WHAT THIS TASK INVOLVES
Exclude the pictures, then repeat the remaining data exactly.

PROVIDED MATERIAL
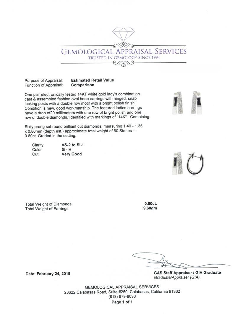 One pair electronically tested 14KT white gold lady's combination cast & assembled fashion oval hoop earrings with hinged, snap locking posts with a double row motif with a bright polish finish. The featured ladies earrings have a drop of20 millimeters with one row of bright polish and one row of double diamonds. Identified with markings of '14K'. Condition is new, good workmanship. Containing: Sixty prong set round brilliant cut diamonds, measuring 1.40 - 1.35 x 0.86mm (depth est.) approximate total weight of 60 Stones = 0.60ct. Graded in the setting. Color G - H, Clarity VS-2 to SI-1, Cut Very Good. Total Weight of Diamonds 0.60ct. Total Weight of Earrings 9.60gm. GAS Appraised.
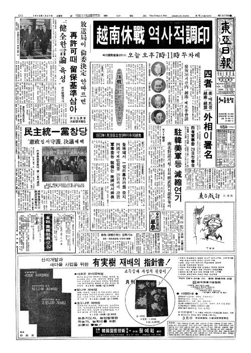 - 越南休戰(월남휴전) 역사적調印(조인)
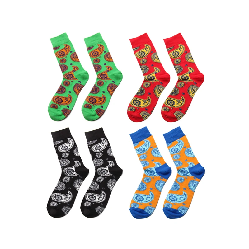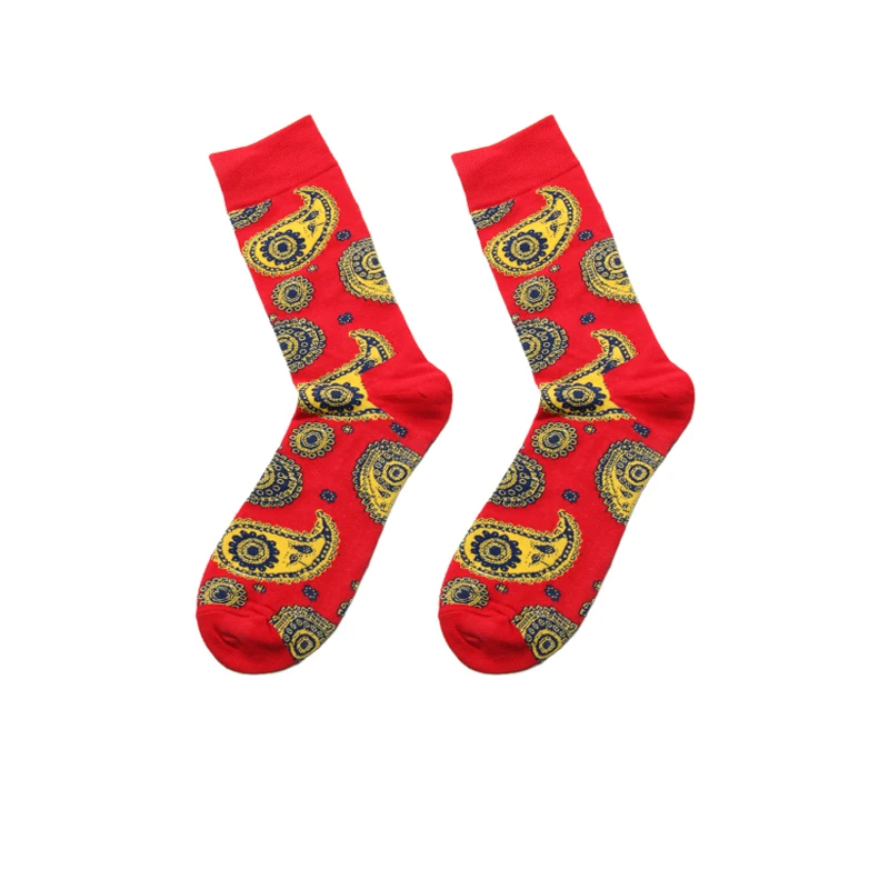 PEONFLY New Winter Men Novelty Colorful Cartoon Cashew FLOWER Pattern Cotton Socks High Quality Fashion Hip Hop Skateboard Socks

YOUR SOLUTION
 One pair electronically tested 14KT white gold lady's combination cast & assembled fashion oval hoop earrings with hinged, snap locking posts with a double row motif with a bright polish finish. The featured ladies earrings have a drop of20 millimeters with one row of bright polish and one row of double diamonds. Identified with markings of '14K'. Condition is new, good workmanship. Containing: Sixty prong set round brilliant cut diamonds, measuring 1.40 - 1.35 x 0.86mm (depth est.) approximate total weight of 60 Stones = 0.60ct. Graded in the setting. Color G - H, Clarity VS-2 to SI-1, Cut Very Good. Total Weight of Diamonds 0.60ct. Total Weight of Earrings 9.60gm. GAS Appraised.
 - 越南休戰(월남휴전) 역사적調印(조인)
 PEONFLY New Winter Men Novelty Colorful Cartoon Cashew FLOWER Pattern Cotton Socks High Quality Fashion Hip Hop Skateboard Socks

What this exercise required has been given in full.